Below, some lines carry pictures; leave those pictures out and retype exactly the lines from the one with "- 大口電力は、化学、機械に" through the one with "La cabaña se".
━━ Materials provided ━━
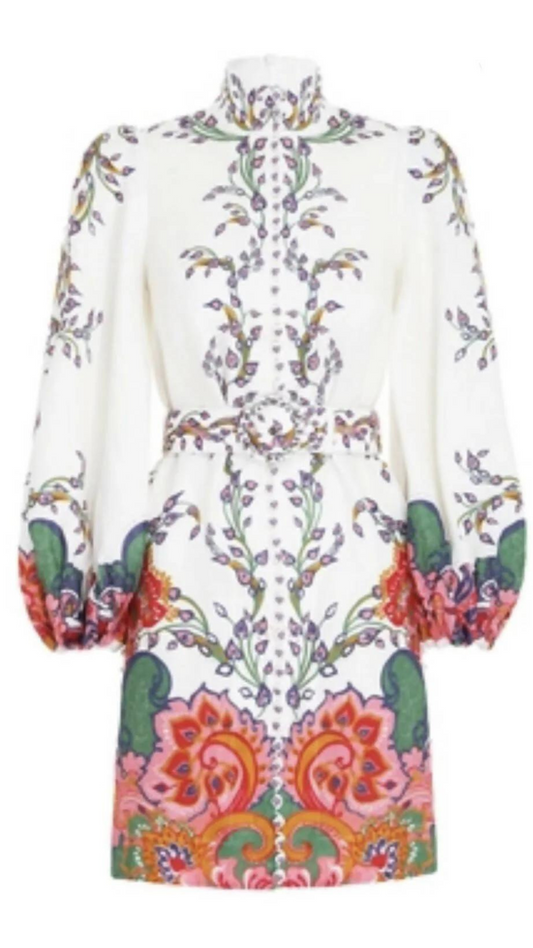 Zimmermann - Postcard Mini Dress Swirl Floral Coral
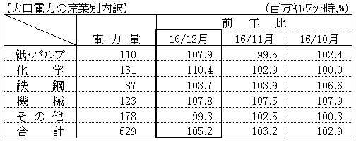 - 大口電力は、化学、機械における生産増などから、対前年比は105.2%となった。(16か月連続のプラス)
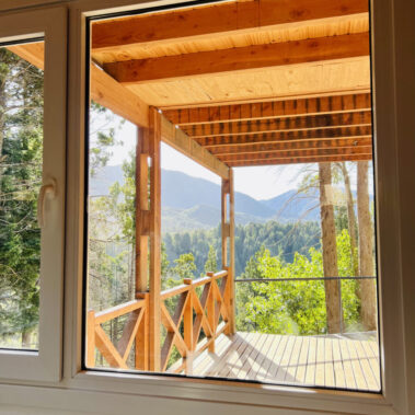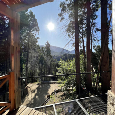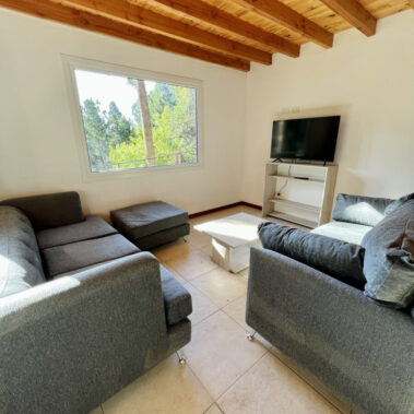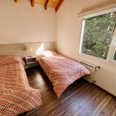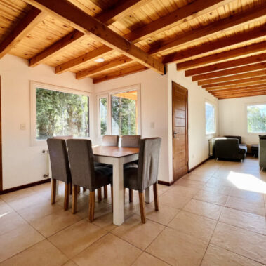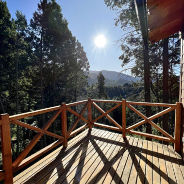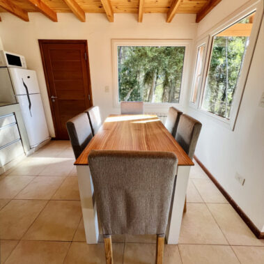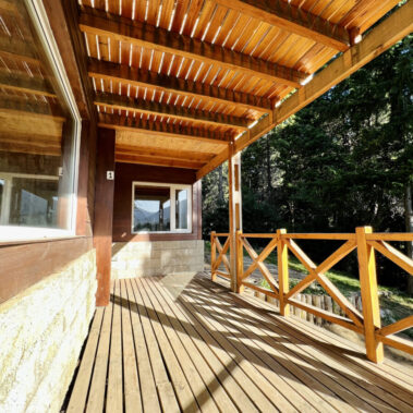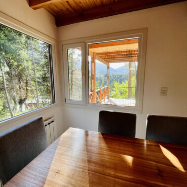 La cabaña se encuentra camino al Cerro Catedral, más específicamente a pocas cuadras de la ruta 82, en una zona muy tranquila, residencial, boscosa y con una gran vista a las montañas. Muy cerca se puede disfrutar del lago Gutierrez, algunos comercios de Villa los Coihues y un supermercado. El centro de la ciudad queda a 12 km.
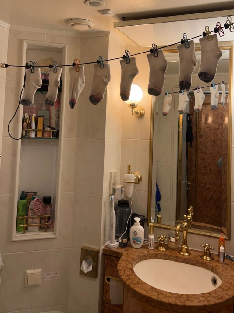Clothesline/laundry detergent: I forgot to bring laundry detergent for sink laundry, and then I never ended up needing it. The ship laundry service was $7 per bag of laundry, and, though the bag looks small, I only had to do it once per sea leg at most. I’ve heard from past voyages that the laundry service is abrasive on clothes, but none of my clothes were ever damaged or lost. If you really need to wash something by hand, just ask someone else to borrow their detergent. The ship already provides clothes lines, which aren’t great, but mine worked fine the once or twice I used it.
━━━
━━ Materials provided ━━
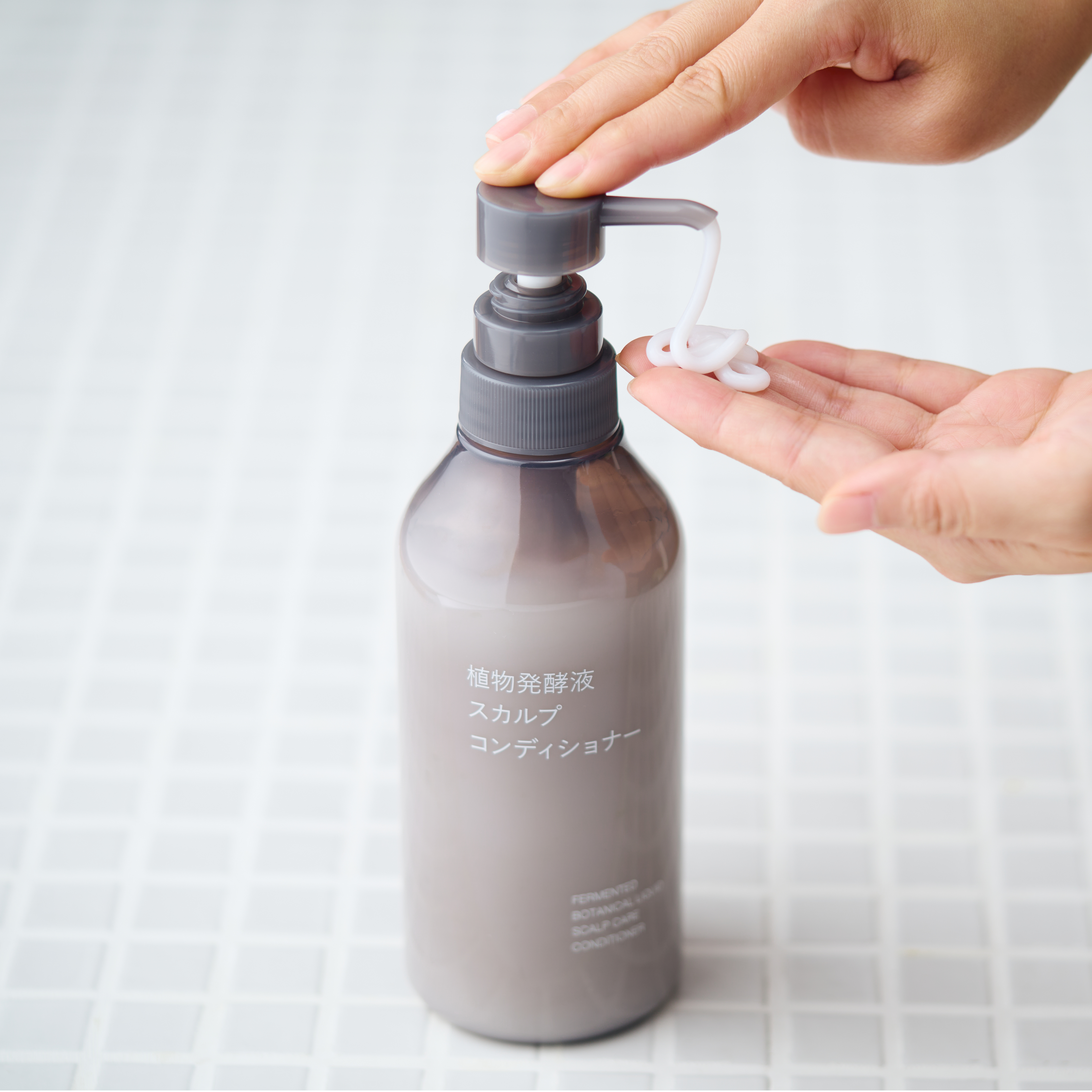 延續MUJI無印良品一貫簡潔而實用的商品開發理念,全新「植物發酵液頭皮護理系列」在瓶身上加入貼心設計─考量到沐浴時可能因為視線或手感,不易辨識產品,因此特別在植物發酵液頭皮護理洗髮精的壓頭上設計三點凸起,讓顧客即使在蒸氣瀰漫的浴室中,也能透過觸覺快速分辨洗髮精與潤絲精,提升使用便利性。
━━━
━━ Materials provided ━━
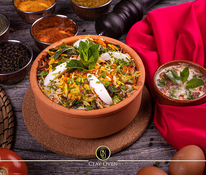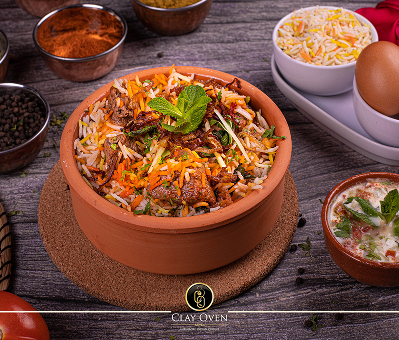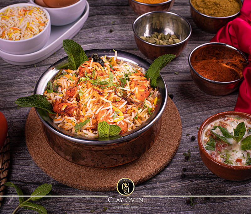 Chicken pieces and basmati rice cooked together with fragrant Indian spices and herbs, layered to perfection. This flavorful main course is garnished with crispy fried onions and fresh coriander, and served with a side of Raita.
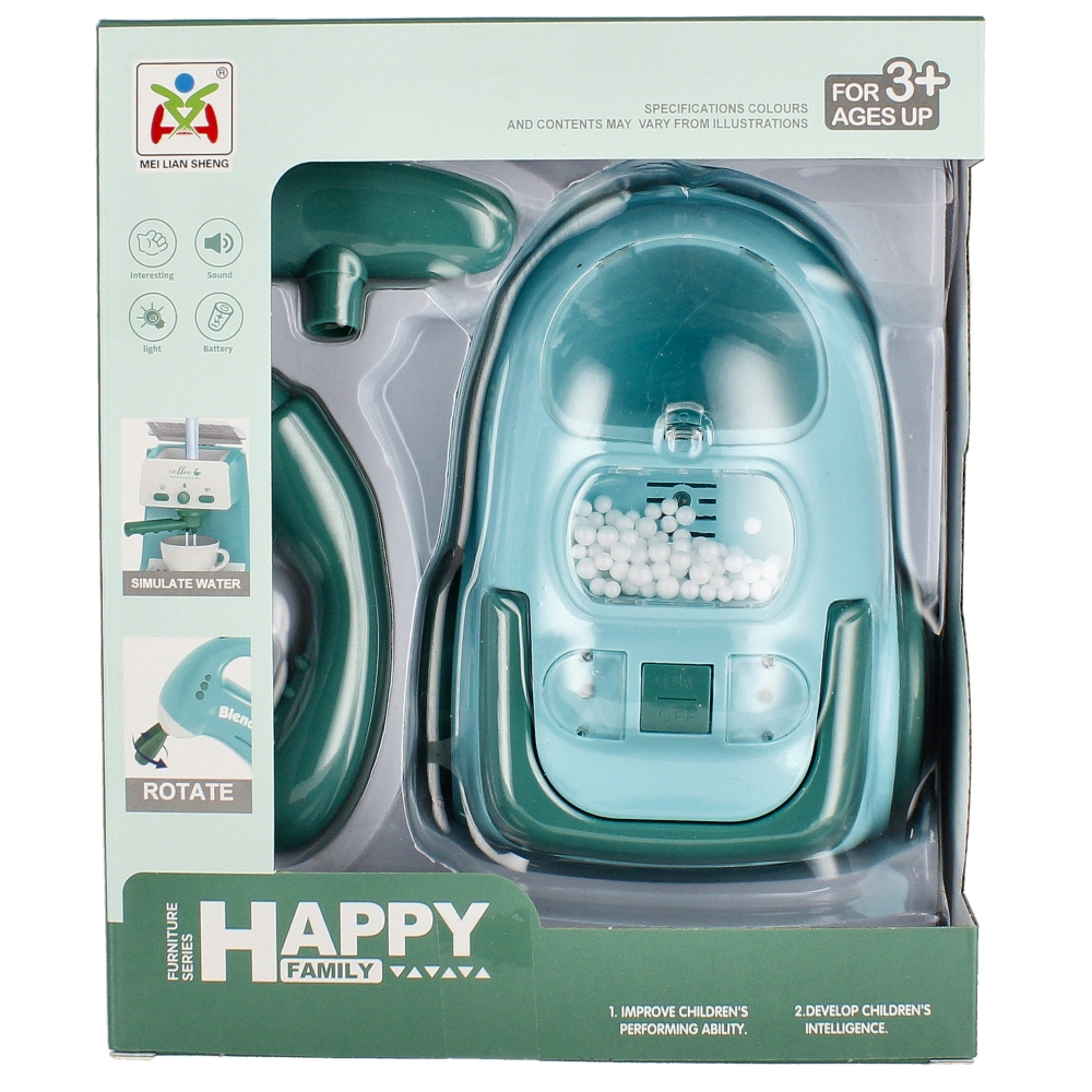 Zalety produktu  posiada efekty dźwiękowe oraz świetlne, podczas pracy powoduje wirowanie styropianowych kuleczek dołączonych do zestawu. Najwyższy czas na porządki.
━━━
» Written solution
 - 大口電力は、化学、機械における生産増などから、対前年比は105.2%となった。(16か月連続のプラス)
 La cabaña se encuentra camino al Cerro Catedral, más específicamente a pocas cuadras de la ruta 82, en una zona muy tranquila, residencial, boscosa y con una gran vista a las montañas. Muy cerca se puede disfrutar del lago Gutierrez, algunos comercios de Villa los Coihues y un supermercado. El centro de la ciudad queda a 12 km.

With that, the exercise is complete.